Answer
The displacement amplitude is $2.77\times 10^{-7}~m$
The displacement amplitude is about 92 times larger than the average distance between molecules in a room.
Work Step by Step
We can find the intensity of the sound:
$\beta = 10~log\frac{I}{I_0}$
$60.0 = 10~log\frac{I}{I_0}$
$6.0 = log\frac{I}{I_0}$
$10^{6.0} = \frac{I}{I_0}$
$I = (10^{6.0})~I_0$
$I = (10^{6.0})~(1.0\times 10^{-12}~W/m^2)$
$I = 1.0\times 10^{-6}~W/m^2$
We can use $343~m/s$ as the speed of sound in air.

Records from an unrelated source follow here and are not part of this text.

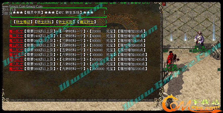 【更新】更新转生系统,1-9转,转生后每转都可以获得相应属性点,每转可获得强悍技能.详情请看转生服务
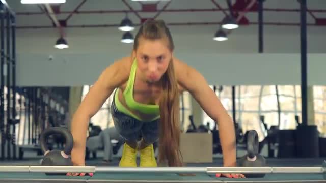 She Pushed Off the Floor Looking Straight Into the Camera. in the Foreground of the Neck From the Rod and Metal Weights. Girl Athletic Training in the Gym. Dressed in Colorful Sportswear. Yellow Topic, Form-Fitting Tights and Yellow Sneakers. Long Hair is Collected in a Ponytail on Her Head. Long Hair is Developed by Repeating the Movement of the Girl. in the Background, a Gym With Exercise Equipment and a Rubber Coating. Lighting Soft Day, as Well as an Additional Source of Scattered Light
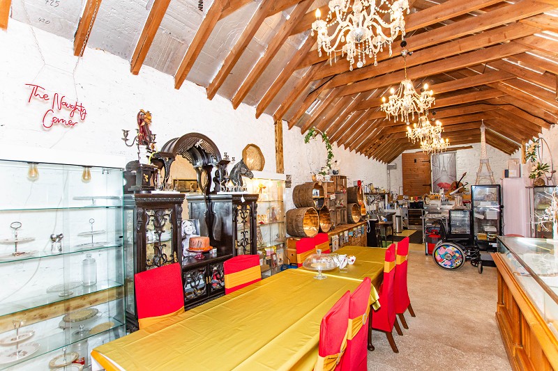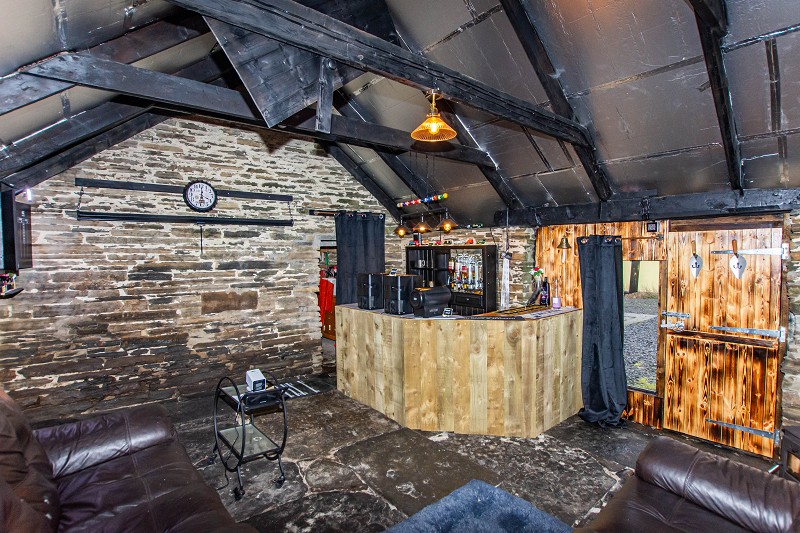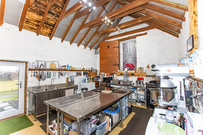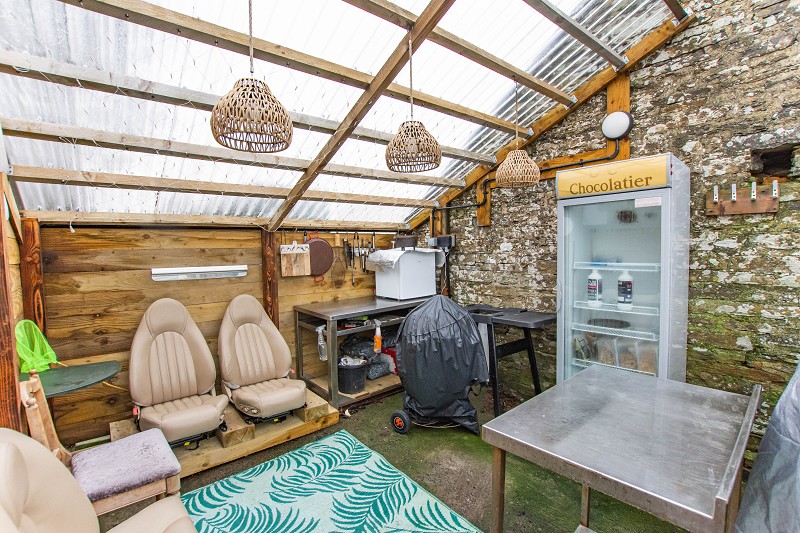 Formerly used as a business premises, this stunning character-building benefits from four light chandeliers as well as three chrome light fittings. There is wall mounted shelving, power as well as water and a cosy multi fuel stove which provides heat for the building. This spacious room also benefits from chrome power points, sliding patio doors with blinds as well as a UPVC window and fully glazed door. There is a vaulted ceiling with exposed ceiling beams and a feature papered wall.
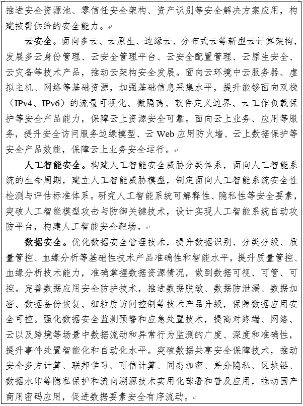 9.推动关键行业基础设施强化网络安全建设。推动能源、金融、交通、水利、卫生医疗、教育等行业领域加强资产识别、设备防护、边界防护、身份认证、数据安全、应用安全等技术手段建设,提升重要系统、关键节点及数据的安全防护能力。支持建立态势感知、通报预警、应急响应、安全运营等安全机制及纵深防护体系,不断提高风险防范和应急处置能力。推进零信任、人工智能等技术应用,提升防护体系效能。
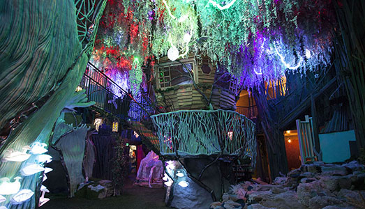 Vi ritroverete per esempio in una casa su un albero o in un piccolo old west ranch alimentato dal movimento di criceti indefessi, in grotte luminescenti ed in un corridoio del tempo con uno scheletro di mammut fosforescente. Ogni visitatore sceglierà il suo percorso, camminerà, si arrampicherà o si calerà in profondità, ed ognuno vivrà le proprie esperienze e sensazioni in questo mondo fantastico realizzato con strumenti artistici sofisticati ed all’avanguardia. Musica ed effetti luminosi accompagneranno questo vostro viaggio al termine del quale avrete bisogno di un po’ di tempo per riaffrontare la realtà che vi aspetta fuori da lì.
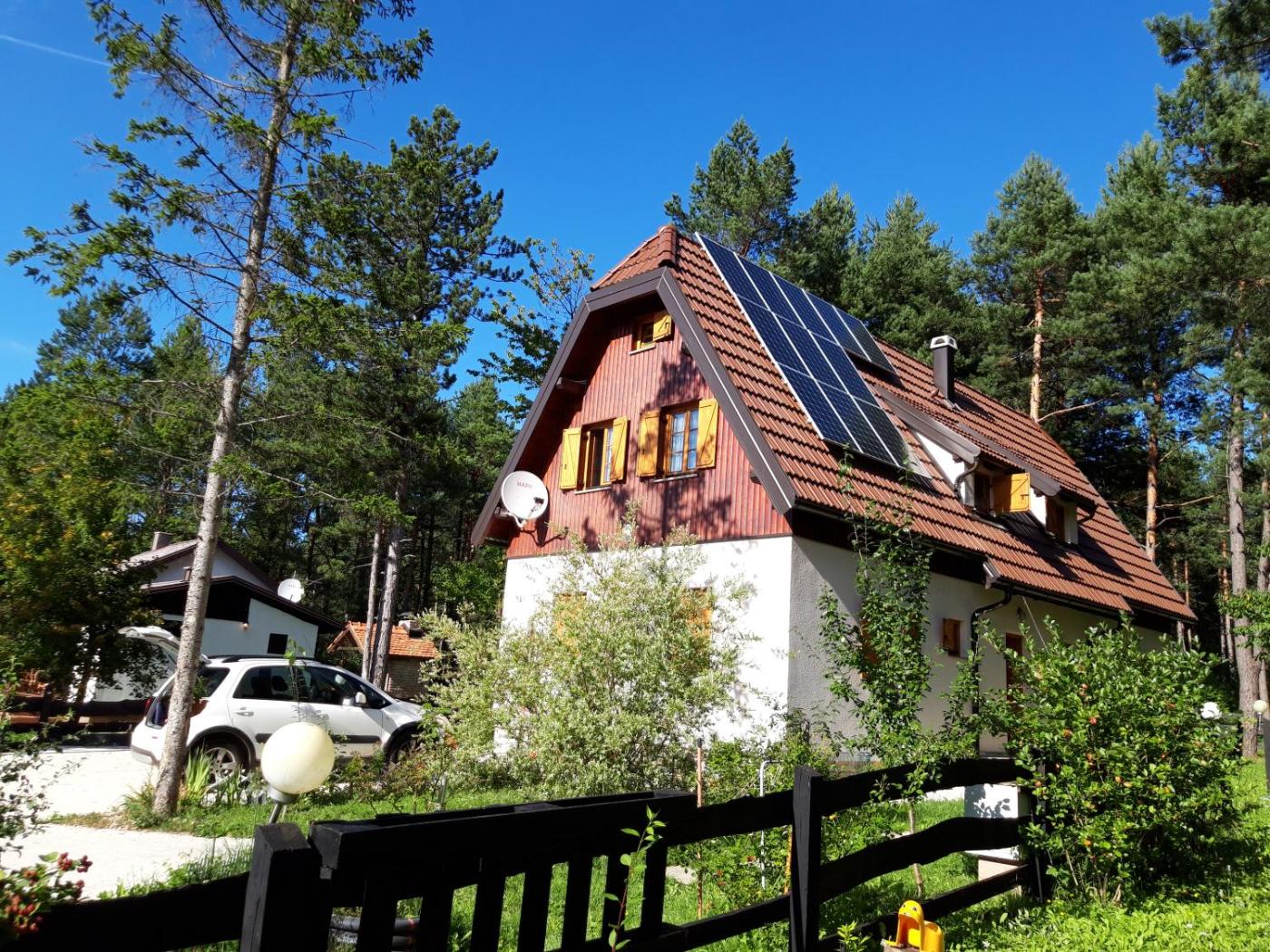Dom wakacyjny. The property is two buildingstogether with five bedrooms, is secluded in the natural forest of Plitvice Lakes National Park. Only the Guest has accessthe property during stay. We are Eco friendly; solar panels are used to generate energy. A big summer Garden mix with natural landscape. We have Outdoor Furniture; Sun Loungers, Hammock, Garden table and Benches. Games include Climbing frame and swing,Sandbox,Tennis-ball, Badminton, Card games, Dart. Dom wakacyjny - 16 osobowy. Powierzchnia pokoju ok.: 175 mkw.
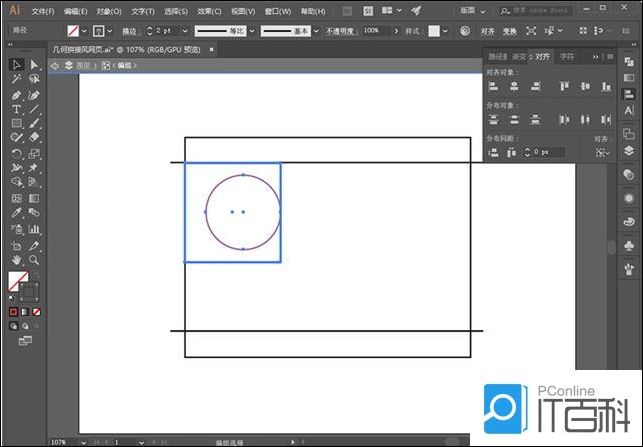 步骤 04椭圆工具创建一个120*120px的圆1,同时选中矩形2与圆1,再次单击一次矩形2,在对齐窗口选择水平右对齐与垂直居中对齐。

We can use $\rho = 1.2~kg/m^3$ as the density of air.
We can find the displacement amplitude:
$s_0 = \sqrt{\frac{I}{2\pi^2 \rho f^2 v}}$
$s_0 = \sqrt{\frac{1.0\times 10^{-6}~W/m^2}{(2\pi^2)(1.2~kg/m^3)(40~Hz)^2(343~m/s)}}$
$s_0 = 2.77\times 10^{-7}~m$
The displacement amplitude is $2.77\times 10^{-7}~m$
We can compare the displacement amplitude to $3~nm$:
$\frac{2.77\times 10^{-7}~m}{3\times 10^{-9}~m} = 92$
The displacement amplitude is about 92 times larger than the average distance between molecules in a room.